В этот же день он отозвал группу наблюдения за домом Козодоева и вызвал парней, охранявших Сергея при выходе из дома.
– Это фотография майора милиции Ефремова, сотрудника городского УВД. Как только он появится рядом с Козодоевым, немедленно сообщите мне.
30
В первый раз проведать Кайгородову Олег Киселев пришел сразу после Нового года. Поговорить им дали не больше минуты: Елена после процедур была слаба и едва стояла на ногах. В следующую встречу они сели в фойе на первом этаже, около поста принимающей медсестры. Тихим, чуть слышным голосом Кайгородова рассказала новому знакомому о трагических событиях, сломавших ее жизнь: о гибели отца и матери, о лечении в психбольнице, о возвращении из колонии брата-уголовника. Чтобы разжалобить Олега, Кайгородовой даже не пришлось привирать. Она рассказала все, как было на самом деле. Во время третьей встречи Елена разоткровенничалась:
– Мой брат пришел из зоны законченным наркоманом, стал заставлять меня принимать наркотики. Я отказывалась. Он бил меня, морил голодом, не выпускал на улицу. Как-то раз брат напился до бесчувствия, уснул, и мне удалось убежать. Несколько дней я пряталась у знакомых, но он с друзьями-наркоманами выследил меня и вернул домой. Я не помню, какое было число, какой день недели и даже месяц точно не помню. Точно знаю – это было летом. И наступила самая кошмарная ночь в моей жизни. А может, не самая ужасная и кошмарная, но это была первая ночь, после которой мне не хотелось жить. Брат привел с собой четверых друзей. Они выпили, укололись и стали по очереди насиловать меня. Вначале я сопротивлялась, но что я одна могла сделать против пятерых молодых мужчин? Спросишь, почему пятерых? Брат помогал им, держал меня за руки. Этой ночью для меня мир перевернулся, и я уже не понимала, какой по счету человек насилует меня и кто эти люди – те же самые, что были вчера, или их сменили новые насильники?

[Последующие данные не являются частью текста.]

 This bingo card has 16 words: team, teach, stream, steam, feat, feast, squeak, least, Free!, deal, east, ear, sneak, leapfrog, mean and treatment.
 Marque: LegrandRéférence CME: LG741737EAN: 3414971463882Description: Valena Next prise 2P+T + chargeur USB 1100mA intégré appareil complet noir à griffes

Кайгородова грустно вздохнула. В уголках ее глаз появились слезы, но она взяла себя в руки и продолжила рассказ:
– До этой ночи я была невинной девушкой, а тут… Наутро я даже не знала, кто из насильников лишил меня девственности. От отчаяния я хотела покончить с собой, но брат не упускал меня из виду. Он дождался, когда я с веревкой пойду в ванную, зашел следом и говорит: «Если ты собралась вздернуться, то, может, уколешься напоследок?» Терять мне было нечего, и я подставила руку. Стало легче. Опиум ограждает человека от всех проблем на какое-то время, потом опять становится муторно и тоскливо, и руки сами тянутся к шприцу.
Если бы на месте Киселева был Лаптев или Ефремов, они бы посмеялись над рассказом наркоманки, похлопали ее по плечу: «Ты эту сказочку для других оставь! Я ее уже не раз слышал». Если бы Киселев отбросил сожаление в сторону и включил обычную житейскую логику, то он бы в недоумении спросил Кайгородову:
– Послушай, а на кой черт брату тебя на иглу сажать? У вас что, в доме был склад опиума, не знали, куда его девать?

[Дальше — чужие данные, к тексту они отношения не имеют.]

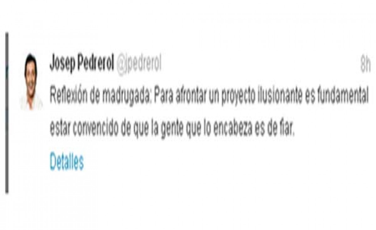 Josep Pedrerol, director i presentador de "Punto Pelota", reflexionava aquest matí en Twitter: 'reflexió matinada per afrontar projecte il·lusionant és fonamental estar convençut que la gent que ho encapçala és de fiar' confirmant així oficialment que es marxa d'Intereconomía després d'impagaments de més de 300.000 euros, al mateix temps que anuncia un fitxatge imminent per la seva nova casa 13 TV.

Но Киселев не прислушивался к робкому голосу разума, чувства затмили рассудок, и он поверил всему, что рассказывала Кайгородова. Глядя в стену перед собой, Олег живо представил, как происходило изнасилование. Местом действия был притон, в котором он и Ефремов нашли Кайгородову, а первым насильником – человек, евший пельмени руками. Почему-то Олег решил, что этот парень был в ту ночь с Кайгородовой, посмеивался и измывался над ней.
Не в силах больше слушать душераздирающий рассказ Елены, Киселев оставил ей передачу и пошел домой. Из-за этой продуктовой передачи в женском отделении наркодиспансера был грандиозный скандал. Санитары уже дважды отбирали у Кайгородовой гостинцы: «Тебе этого нельзя! Шоколад вреден при лечении, а в апельсинах содержится алкоголь». Не сказать, что медперсонал состоял из отъявленных злодеев – по одному яблочку и одной конфетке они оставляли пациентке. Так было бы и в этот раз, если бы Киселев не принес два банана, купленных на рынке по заоблачной цене.

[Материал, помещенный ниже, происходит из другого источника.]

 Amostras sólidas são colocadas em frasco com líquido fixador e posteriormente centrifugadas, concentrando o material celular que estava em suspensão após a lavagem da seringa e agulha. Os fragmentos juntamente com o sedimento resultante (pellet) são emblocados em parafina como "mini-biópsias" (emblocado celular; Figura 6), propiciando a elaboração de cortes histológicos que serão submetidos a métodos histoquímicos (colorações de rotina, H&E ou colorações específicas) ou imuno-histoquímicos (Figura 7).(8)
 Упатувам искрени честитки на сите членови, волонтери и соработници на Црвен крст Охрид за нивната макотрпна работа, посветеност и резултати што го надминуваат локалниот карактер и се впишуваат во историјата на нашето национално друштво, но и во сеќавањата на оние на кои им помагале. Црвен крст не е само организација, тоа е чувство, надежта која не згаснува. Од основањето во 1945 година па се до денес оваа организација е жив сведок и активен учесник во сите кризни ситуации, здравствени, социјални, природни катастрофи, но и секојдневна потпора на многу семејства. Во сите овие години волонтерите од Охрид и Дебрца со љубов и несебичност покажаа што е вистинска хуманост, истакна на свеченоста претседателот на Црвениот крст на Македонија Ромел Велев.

Около палаты дежурный санитар остановил Кайгородову, потребовал отдать пакет с гостинцами. Елена показала ему неприличный жест и жестко заявила:
– Отберешь у меня бананы – я тебе ночью глаза выколю.
Санитар, недолго думая, дал ей пощечину, отобрал продукты. Кайгородова завизжала на всю больницу, стала кататься по полу. Она обозвала санитара такими словами, за которые в мужской зоне без разговоров лишают жизни. Сбитый с толку медработник поднял ее на ноги, затащил за волосы в служебное помещение, пару раз врезал кулаком в живот, но потом уступил и один банан отдал.
Ночью дежурные санитары подняли Елену с постели, завели к себе.
– Что за концерт ты устроила? Профилактику захотела?
– Если сейчас вы для меня чифирь не заварите и сигарету не дадите, я расскажу ментам, что вы с молоденькими девчонками по ночам вытворяете. Парня, что мне передачку принес, видели? Он вас обоих посадит.
Санитары посмеялись над такой глупостью, но бить Кайгородову не стали. Елена расценила это как победу над медперсоналом и стала потихоньку наглеть: покуривать в женском туалете, воровать продукты у соседок по палате. А еще она до мелочей продумала план, как ей не просто вырваться на свободу, а обеспечить себя крышей над головой, сносной едой и маленькими развлечениями. Центральной фигурой в ее плане был Киселев.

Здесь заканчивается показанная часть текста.